Delaunay-Triangulation-Based Learning with Hessian Total-Variation Regularization
Mehrsa Pourya, Alexis Goujon, Michael Unser

TL;DR
This paper introduces a novel CPWL function learning method based on Delaunay triangulation and Hessian total variation regularization, offering an interpretable and stable alternative to neural networks for regression tasks.
Contribution
It proposes a triangulation-based CPWL learning framework with HTV regularization, providing stability, interpretability, and controlled complexity in regression models.
Findings
Effective in low-dimensional scenarios
Controls model complexity with a single hyperparameter
Validates approach through experimental results
Abstract
Regression is one of the core problems tackled in supervised learning. Rectified linear unit (ReLU) neural networks generate continuous and piecewise-linear (CPWL) mappings and are the state-of-the-art approach for solving regression problems. In this paper, we propose an alternative method that leverages the expressivity of CPWL functions. In contrast to deep neural networks, our CPWL parameterization guarantees stability and is interpretable.
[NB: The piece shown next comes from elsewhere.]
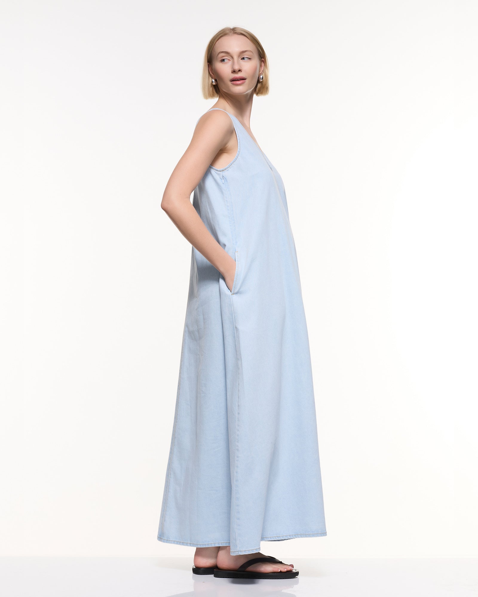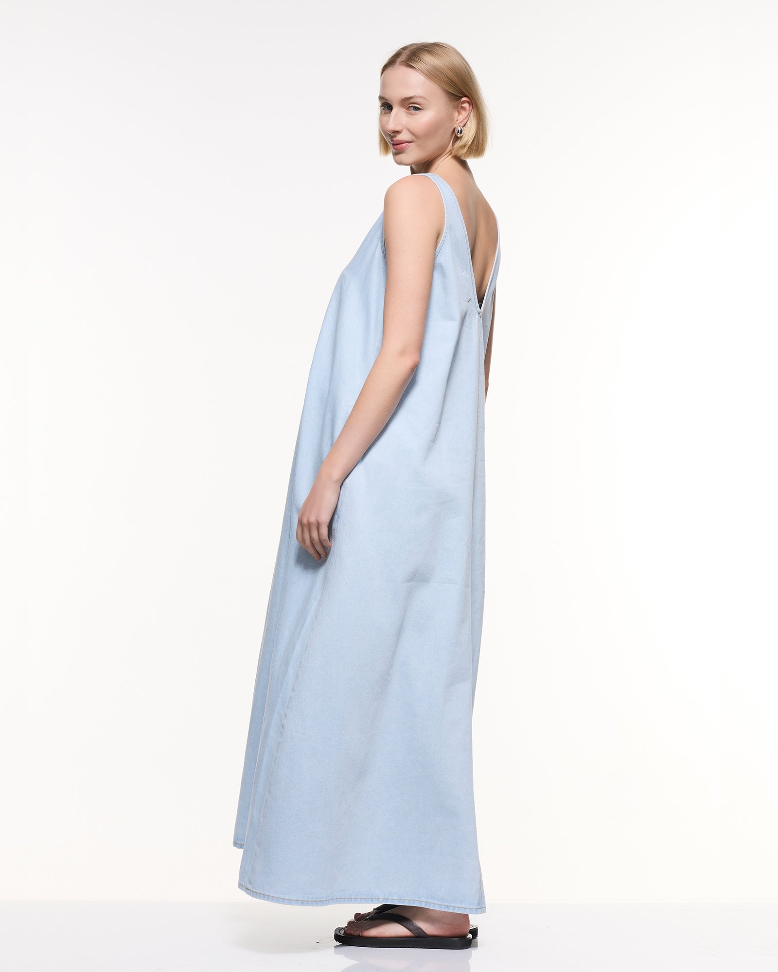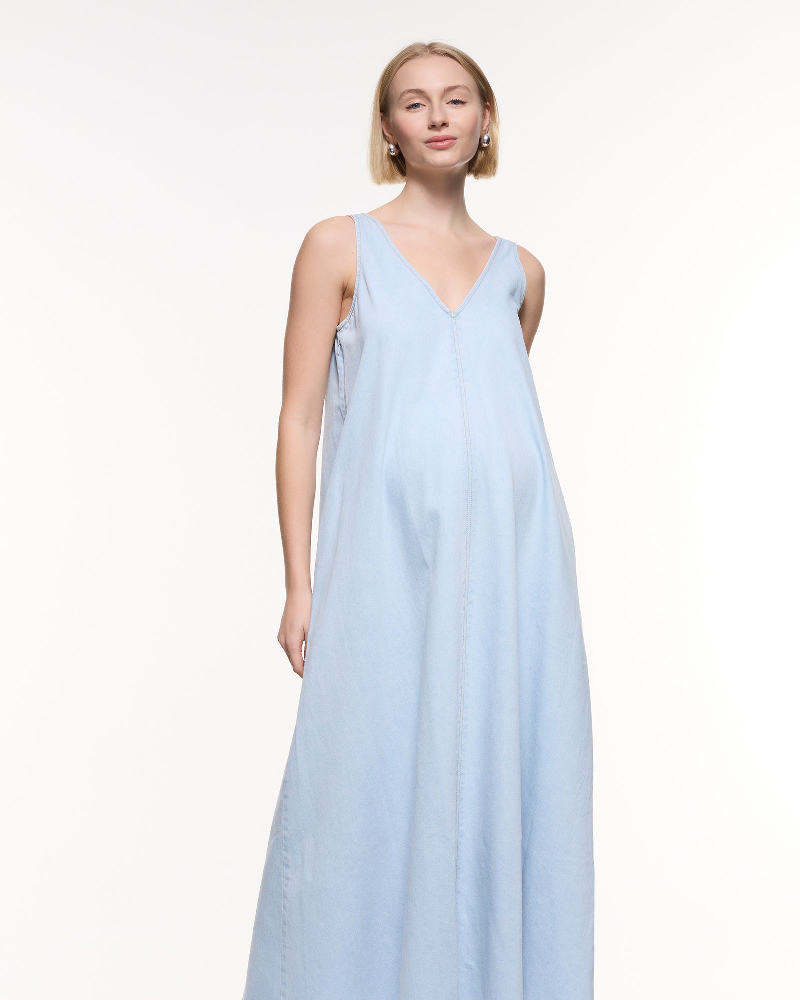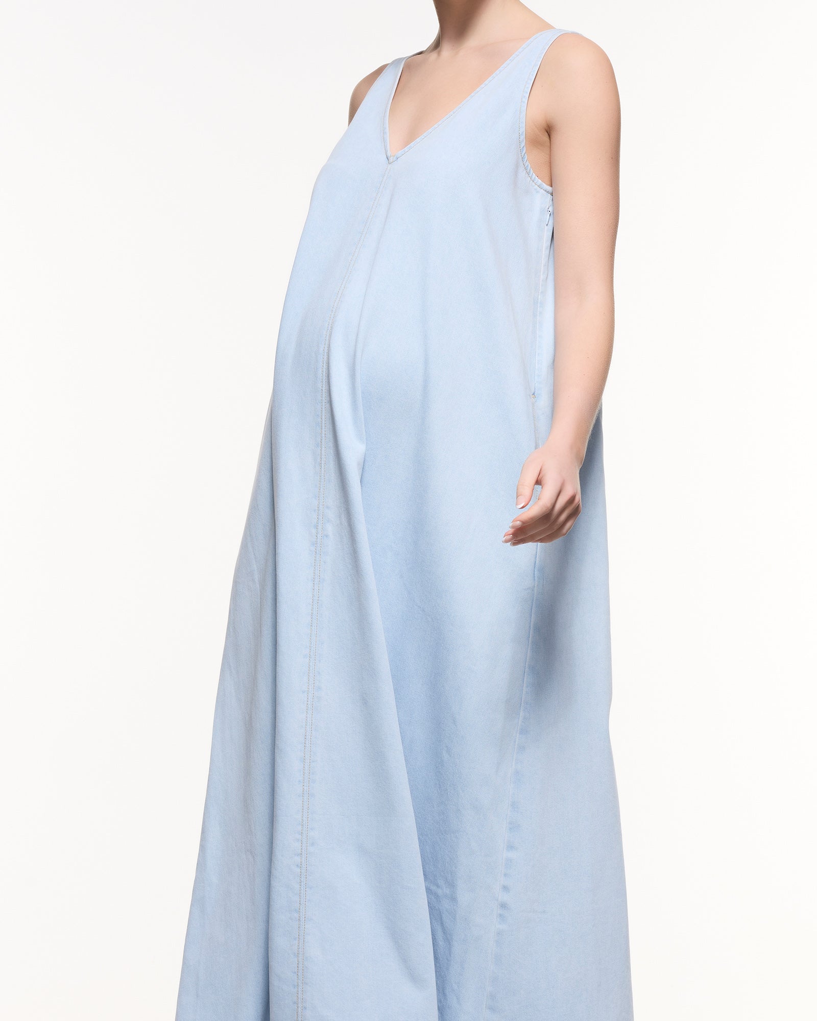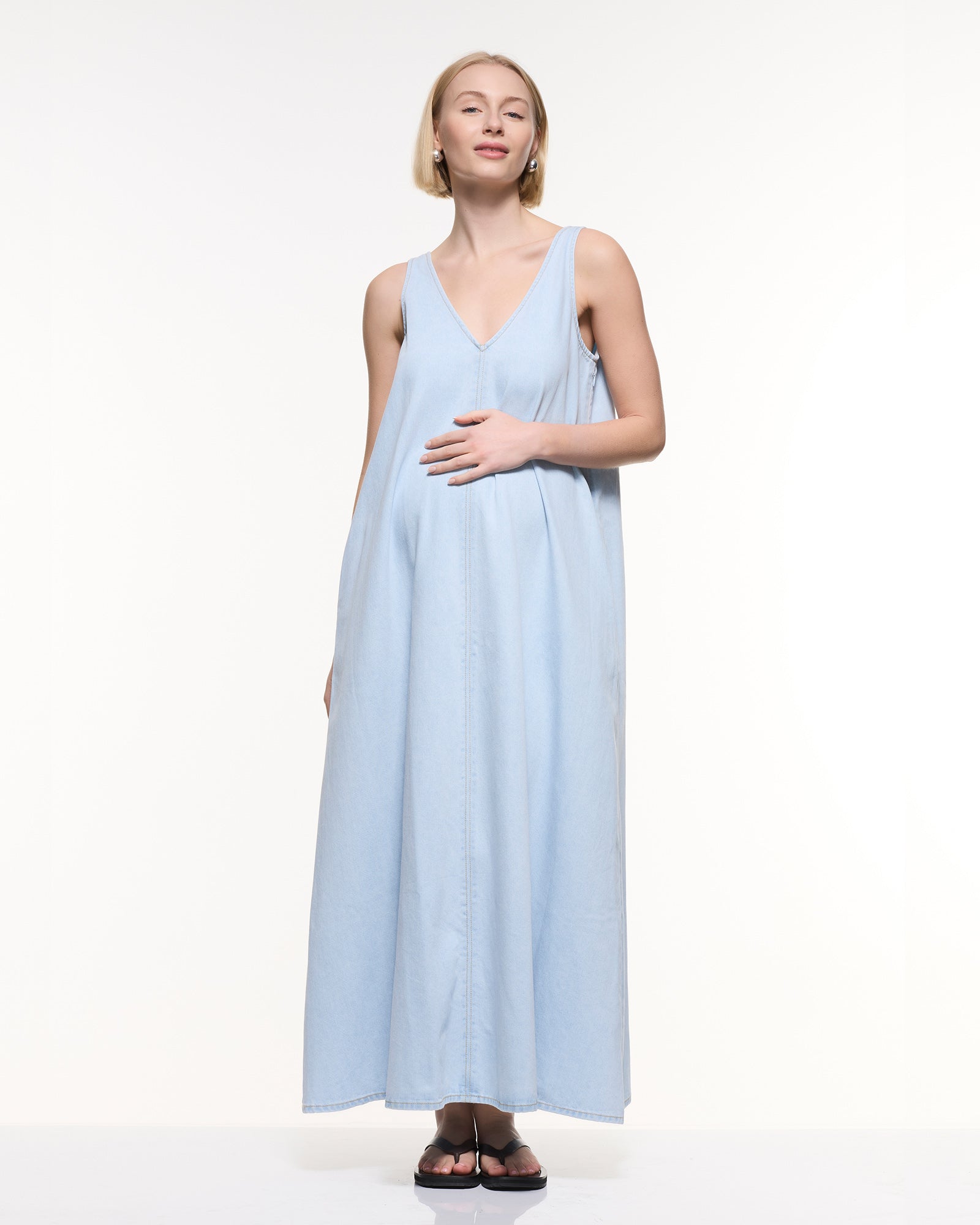 A modern maternity staple designed to grow with you and beyond. Crafted in soft light-wash denim with a relaxed maxi silhouette, this dress features a flattering V-neckline, side zips for easy nursing access, and a breezy sleeveless cut — perfect for pregnancy, postpartum, and summer styling.
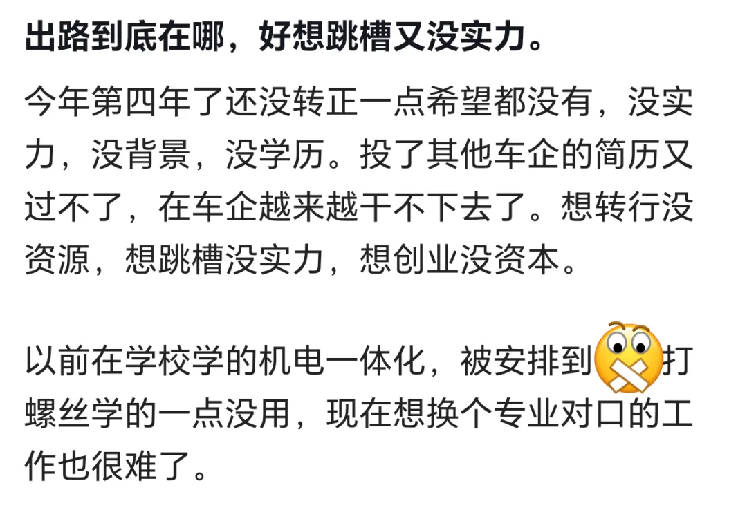 【汽车行业越来越卷,卷的有点快卷不动了,这让之前因为没学历加入汽车行业的大佬更为犯难,想跳确没有太多可以选择的机会,真的是三无人员,没背景,没学历,没实力,出路在哪里呢】

Our approach relies on the partitioning of the domain of the CPWL function by a Delaunay triangulation. The function values at the vertices of the triangulation are our learnable parameters and identify the CPWL function uniquely. Formulating the learning scheme as a variational problem, we use the Hessian total variation (HTV) as regularizer to favor CPWL functions with few affine pieces. In this way, we control the complexity of our model…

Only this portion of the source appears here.